Vedeler A, Pryme I F, Hesketh J E
Department of Biochemistry, University of Bergen, Norway.
Mol Cell Biochem. 1991 Feb 2;100(2):183-93. doi: 10.1007/BF00234167.
Polysomes from Krebs II ascites and 3T3 cells were separated into three populations by using a sequential extraction method. Free polysomes were released by using a combination of low salt (25 mM KCl) and NP-40 detergent in the lysis buffer. The cytoskeletal bound polysomes were subsequently released by raising the salt concentration to 130 mM and finally, polysomes bound to the membranes of the endoplasmic reticulum were extracted by the combined treatment with Triton X-100 and deoxycholate. The results presented here illustrate that the three polysome-containing fractions differ in many parameters such as polysome profiles, cytoskeletal components and phospholipid content. When polyA-containing mRNA was isolated from the three polysome fractions and translated in an in vitro system, some differences were observed in the patterns of proteins being synthesized.
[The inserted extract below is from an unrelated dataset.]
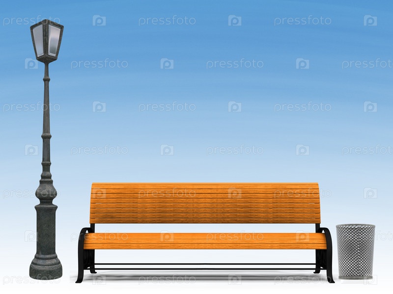 Скамейка и уличный фонарь на фоне неба
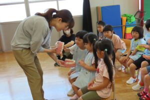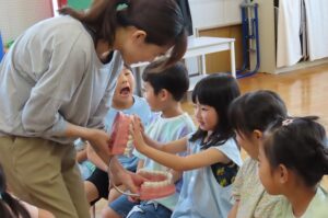 歯みがき指導の前に歯の模型で歯の形や並び方を見たりさわったりしました。

通过一种连续提取方法,将来自克雷布斯II腹水癌细胞和3T3细胞的多核糖体分离成三个群体。在裂解缓冲液中使用低盐(25 mM KCl)和NP - 40去污剂的组合释放游离多核糖体。随后通过将盐浓度提高到130 mM释放细胞骨架结合的多核糖体,最后,通过用Triton X - 100和脱氧胆酸盐联合处理提取与内质网膜结合的多核糖体。此处呈现的结果表明,这三个含多核糖体的组分在许多参数上存在差异,如多核糖体图谱、细胞骨架成分和磷脂含量。当从这三个多核糖体组分中分离出含polyA的mRNA并在体外系统中进行翻译时,在蛋白质合成模式上观察到了一些差异。